The Daily Parker

Politics, Weather, Photography, and the Dog

Today's Daily Parker

I apologize to anyone who, like me, had Parker withdrawal today. He was at day camp, and I was in meetings all day, so not only am I late getting TDP out today but also there was no ParkerCam.

As a reward for your patience, I present two portraits of the holy terror himself:

Today's Daily Parker

Parker didn't seem to mind much when Ron picked him up:

A moment later, though, I think he wanted to get down:

Poor guy, doesn't get any respect.

Parker, I mean.

O'Reilly worse than Fr. Coughlin: Indiana U.

(Via Romanesko.)

Indiana University's Journalism School has released a paper demonstrating that Fox News commentator Bill O'Reilly uses significantly more propaganda than the infamous 1930s radio commentator Fr. Charles Coughlin:

O’Reilly is a heavier and less nuanced user of the seven devices developed by the Institute for Propaganda Analysis in the late 1930s than the notorious radio commentator of that time, Father Charles Coughlin. O’Reilly also employs other propaganda techniques, identified by Lasswell, Berelson and Janowitz. This includes ample use of fear appeals and the construction of the battle between good and evil. The most evil villains in O’Reilly’s world are illegal aliens, terrorists, and foreigners because they are apparently a physical and moral threat to the United States. Slightly less evil—but unambiguously bad—are groups (media, organizations, politicians) who share a political leaning to the left. On the other side, the virtuous flank emerged as an all-American crew made up of the military, criminal justice system, Bush administration, and ordinary US citizens.

In other words, as all patriotic Americans know, O'Reilly is a reactionary, imbicilic blowhard, who beats up on the innocent in his ongoing campaign to take away your freedoms. Of course, we on the left are usually too polite to point this out.

Today's Daily Parker

When Parker first discovered this ball Sunday morning, it was round:

And yesterday's note from the dog-walking service made me laugh: "He's a good walker, but I can't get him to crap for me." I suppose Parker is a one-human crapper, because he performed beautifully both going to and coming from the dog park yesterday.

Finally, no ParkerCam today because he's at day camp.

Today's Daily Parker

The weather this past weekend precluded posting to TDP. We simply spent too much time not in front of a computer. Actually, Parker doesn't spend any time in front of computers that he knows of anyway, though sometimes he seems dimly aware of the ParkerCam.

Parker did, on the other hand, get a chance to stick his nose out the window of a moving car a few times. Like at this stoplight, when I suddenly felt whiskers and a cold nose on my earlobe:

(I have to say, it's a little disconcerting to have a dog nosing one's ear when the car is moving.)

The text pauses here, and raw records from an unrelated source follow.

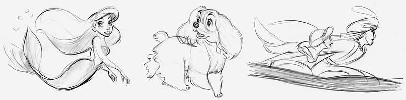 If you look at Disney production sketches, you can see how the animators use tapered strokes. They're very loose and gestural. The drawings are not clean, but they're drawn deliberately with purpose. There's an intentional energy in these drawings, and there is no confusion or hesitation in their strokes. They're not uptight, and that makes these drawings very beautiful. I would even argue that the loose drawings look better than the clean versions when they're individual images because cleaning them up loses some of that energy and charm.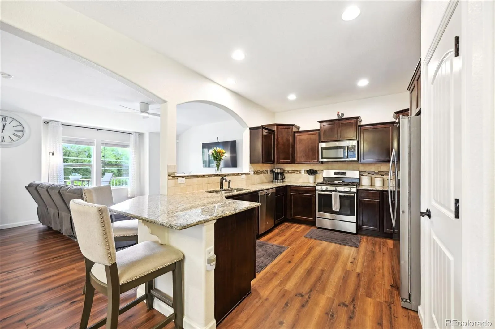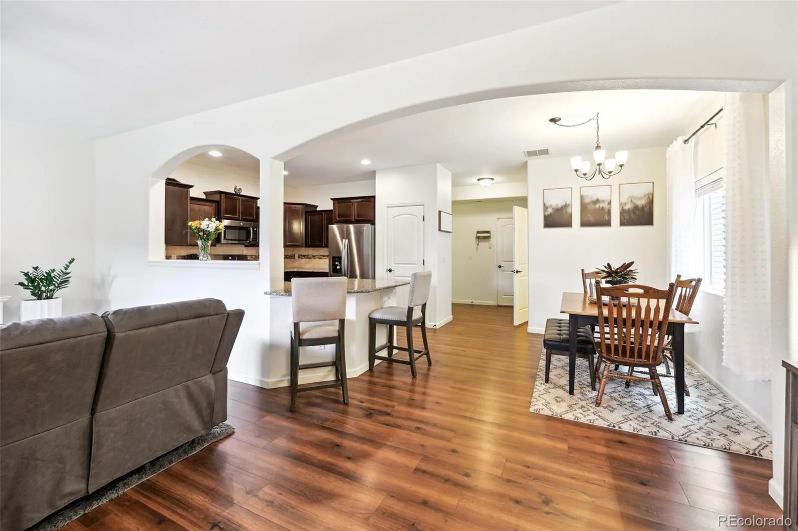 Welcome to this beautiful end unit townhome which has been meticulously maintained. Facing the trees and to the West, you can enjoy both the surrounding scenery and some amazing mountain views! Built in 2018, this home presents as if it’s brand-new offering 3 bedrooms, 3 bathrooms, and a spacious 2 car attached garage. From the moment you walk in the door, you’ll love the openness and all of the natural light that pours in. This open floorplan is perfect for entertaining. There is a large picture window in the front that overlooks the trees and green space. The kitchen has granite countertops, staggered cabinetry, countertop seating, a pantry, stainless steel appliances, and an abundance of cabinet space. You’ll enjoy having LVT flooring throughout the main level. There is a guest powder bath on the main level and a couple of storage closets. Upstairs, you’ll love the convenience of having the laundry room between the bedrooms. The primary bedroom is spacious enough to comfortably accommodate a restful sleeping area, along with an intimate sitting area or a dedicated workspace, providing both relaxation and functionality in one seamless design. There is a large walk-in closet along with a beautiful bath with an oversized shower and double vanity with granite countertops. There are an additional 2 bedrooms upstairs both with stellar mountain views and walk-in closets along with another full-size bathroom. This home comes equipped with A/C perfect for the summertime. And the best summer feature is the clubhouse and pool available to the owners! There is a dog park area, firepit, private gym, and ample amount of additional guest parking. Be prepared to be the place where everyone wants to visit this summer to enjoy all that this home and community has to offer!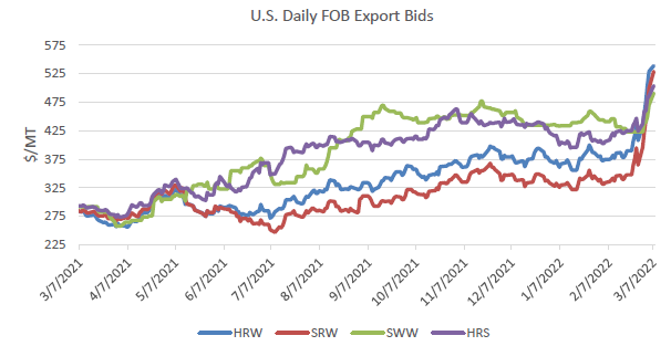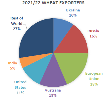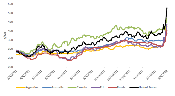 После начала российской военной операции в Украине 24 февраля мировые цены на пшеницу всех основных экспортеров совершили беспрецедентный скачок как на наличных, так и на фьючерсных рынках, поскольку импортеры ищут новых поставщиков пшеницы. Канадские котировки подскочили на 60 долларов за тонну по сравнению с предыдущим месяцем, что также отражает сокращение запасов из-за прошлогодней засухи. Австралийские цены выросли меньше всего, на $47 за тонну, так как обильные запасы нового урожая предотвратили существенный рост цен. Аргентинские цены выросли на $116 за тонну благодаря активным закупкам со стороны Бразилии и нескольких рынков Африки, Ближнего Востока и Юго-Восточной Азии. Котировки в США взлетели на $162 за тонну, что также отражает продолжающуюся сухую погоду в Канзасе, Оклахоме и Техасе, которая вызвала обеспокоенность состоянием посевов озимой пшеницы. Цены в ЕС выросли на 150 долларов за тонну на ожиданиях высокого спроса со стороны Ближнего Востока и Северной Африки, при этом Алжир заявил, что позволит Франции снова участвовать в будущих тендерах. Российские котировки выросли на $87/т, хотя спрос был ограничен санкциями и трудностями со страховкой судов.

I also want to post Friday's note from the dog-walking service: "He was great today. A guy even stopped us to tell me that."

Today's Daily Parker

After some trial and error, and even though he's still unclear on the concept, Parker finally got down and dirty with the tug toy yesterday:

Did I mention the "trial and error?"

He did, eventually, put all four paws into it:

He also killed one of his oldest toys last night, the lion-head tennis ball he's had since he couldn't even get down the stairs by himself. Yeah, once he started working on it, he spent less than five minutes scattering stuffing all over the floor. So now he has a tennis ball that used to have a lion head on it.

New development planned for downtown Evanston

Oh, dear. I can't wait until they start building this, just one block from my office:

Developers went public Thursday with their plan for another race to the sky, this one in downtown Evanston: A proposed condominium tower that would crack the 500-foot barrier and become the tallest building in Chicago's suburbs.
Sure to incite heated debate in a suburb already in the throes of a high-rise building boom, the plan calls for tearing down a two-story retail building on a triangular block bounded by Church Street, Orrington and Sherman Avenues, and replacing it with a sliver-thin, 49-story condominium tower sheathed in glass and metal.

Pity, because the building they're tearing down is actually quite charming. It gets "better:"

The plan also envisions tearing down a 1940s mid-rise office building at the block's south end and replacing it with a low-rise restaurant building whose footprint would be half as large. The developers still have to purchase that property.

I'm torn. I think Evanston has to grow taller, but the old buildings in its downtown are part of its charm.